Analysis of Variance (ANOVA) is a statistical method used to compare the means of three or more independent groups. While a t-test is limited to two groups, ANOVA allows us to determine if at least one group mean is different from the others without increasing the risk of a “Type I Error” (false positive).
It might seem strange to use “Variance” to test “Means.” However, ANOVA works by partitioning the total variance in the data into two components: 1. Between-group variance: How much do the group means differ? 2. Within-group variance: How much spread is there inside each group?
If the variance between groups is significantly larger than the variance within groups, we conclude the means are likely different.
To perform a One-Way ANOVA, we follow these mathematical steps.
Total variation is broken down as: \[SS_{Total} = SS_{Between} + SS_{Within}\]
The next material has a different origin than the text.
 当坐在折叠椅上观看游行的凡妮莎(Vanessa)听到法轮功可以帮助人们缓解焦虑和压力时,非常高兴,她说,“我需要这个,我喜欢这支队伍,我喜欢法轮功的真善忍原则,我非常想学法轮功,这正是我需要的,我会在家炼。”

The final test statistic is the ratio of Mean Squares: \[F = \frac{MS_{Between}}{MS_{Within}} = \frac{SS_B / (k-1)}{SS_W / (N-k)}\] Where: * \(k\) = number of groups. * \(N\) = total number of observations.
Imagine an agricultural scientist testing four different types of fertilizers (A, B, C, and D) on crop yields. They want to know: Does the type of fertilizer used significantly affect the average crop yield?
set.seed(123)
# Simulating data for 4 fertilizers
fertilizer_data <- data.frame(
Fertilizer = rep(c("A", "B", "C", "D"), each = 20),
Yield = c(rnorm(20, mean = 20, sd = 2), # Fertilizer A
rnorm(20, mean = 22, sd = 2), # Fertilizer B
rnorm(20, mean = 19, sd = 2), # Fertilizer C
rnorm(20, mean = 25, sd = 2)) # Fertilizer D
)
head(fertilizer_data)## Fertilizer Yield
## 1 A 18.87905
## 2 A 19.53965
## 3 A 23.11742
## 4 A 20.14102
## 5 A 20.25858
## 6 A 23.43013
Before running the math, we visualize the distributions.
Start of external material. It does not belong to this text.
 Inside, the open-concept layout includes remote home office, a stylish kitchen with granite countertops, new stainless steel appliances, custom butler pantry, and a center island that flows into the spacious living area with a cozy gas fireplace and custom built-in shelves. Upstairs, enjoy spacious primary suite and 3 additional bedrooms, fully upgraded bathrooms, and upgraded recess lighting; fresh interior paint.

ggplot(fertilizer_data, aes(x = Fertilizer, y = Yield, fill = Fertilizer)) +
geom_boxplot(alpha = 0.7) +
geom_jitter(width = 0.15, alpha = 0.5) +
theme_minimal() +
labs(title = "Crop Yield by Fertilizer Type",
subtitle = "Visual inspection suggests differences between group D and others",
y = "Yield (Bushels/Acre)")We use the aov() function to calculate the results.
# Fit the ANOVA model
anova_model <- aov(Yield ~ Fertilizer, data = fertilizer_data)
# Display the summary table
summary(anova_model)## Df Sum Sq Mean Sq F value Pr(>F)
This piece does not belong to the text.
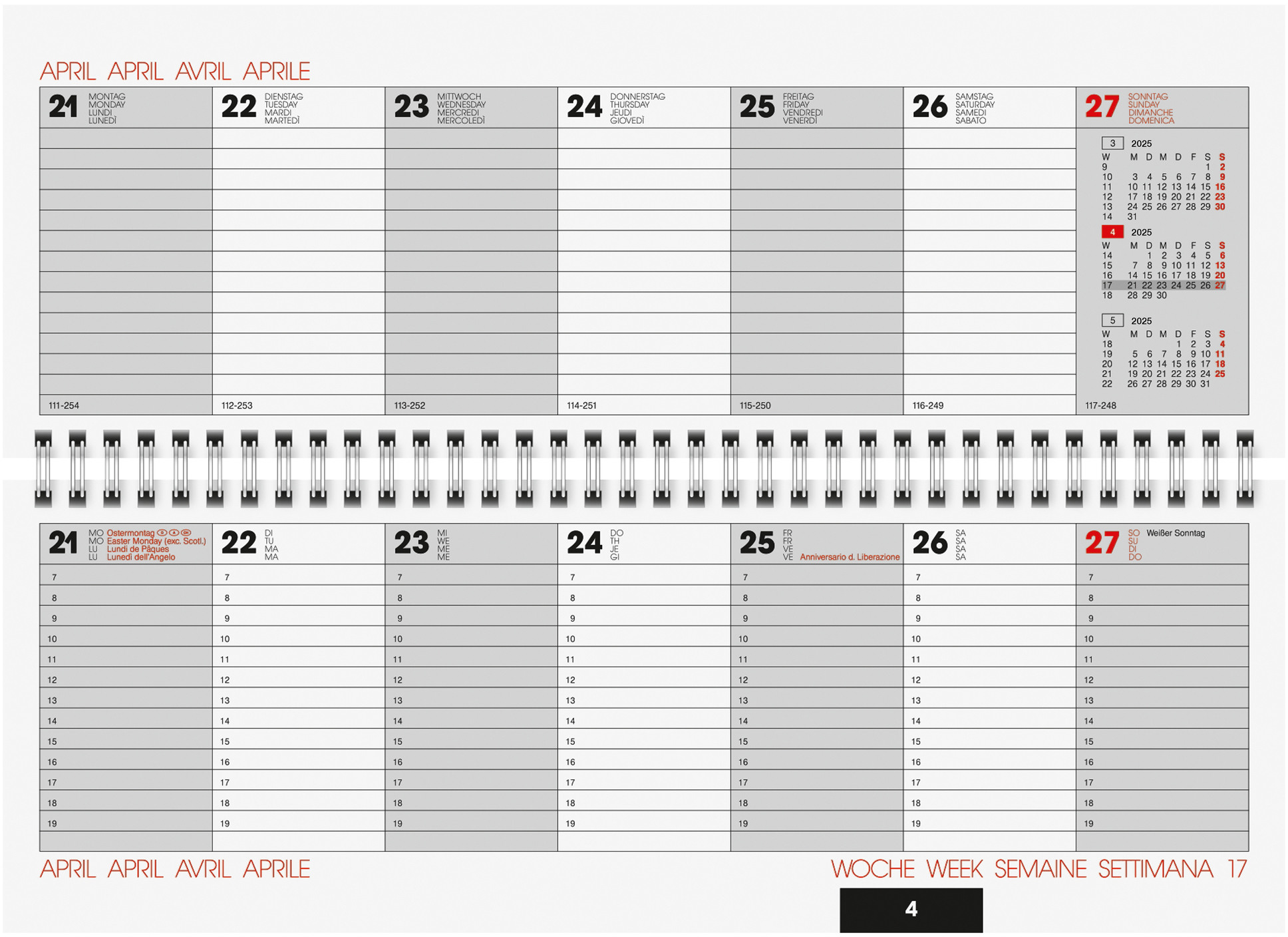 Le Pultagenda Biella s'ouvre facilement grâce à sa reliure à spirale et contient le calendrier 1 semaine sur deux pages. Avec un aperçu du mois, une répartition des heures et des champs de notes, le Pultagenda offre beaucoup de place pour écrire tout en étant compact et p

## Fertilizer 3 349.8 116.6 33.33 7.4e-14 ***
## Residuals 76 265.9 3.5
## ---
## Signif. codes: 0 '***' 0.001 '**' 0.01 '*' 0.05 '.' 0.1 ' ' 1
ANOVA is valid only if certain conditions are met: 1. Independence: Observations are independent (Assumed by design). 2. Normality: The residuals should follow a normal distribution. 3. Homogeneity of Variance: Groups should have similar spread.
ANOVA tells us “something is different,” but it doesn’t say which fertilizer is better. We use Tukey’s Honest Significant Difference to find the specific differences.
## Tukey multiple comparisons of means
## 95% family-wise confidence level
##
## Fit: aov(formula = Yield ~ Fertilizer, data = fertilizer_data)
##
## $Fertilizer
## diff lwr upr p adj
## B-A 1.614238 0.06057883 3.1678973 0.0386301
## C-A -1.070277 -2.62393639 0.4833821 0.2768807
## D-A 4.476918 2.92325902 6.0305775 0.0000000
## C-B -2.684515 -4.23817446 -1.1308560 0.0001208
## D-B 2.862680 1.30902095 4.4163394 0.0000390
## D-C 5.547195 3.99353617 7.1008547 0.0000000
If the confidence interval for a pair (e.g., D-A) does not cross the zero line, the difference is significant. In our plot, Fertilizer D is significantly more effective than A, B, and C.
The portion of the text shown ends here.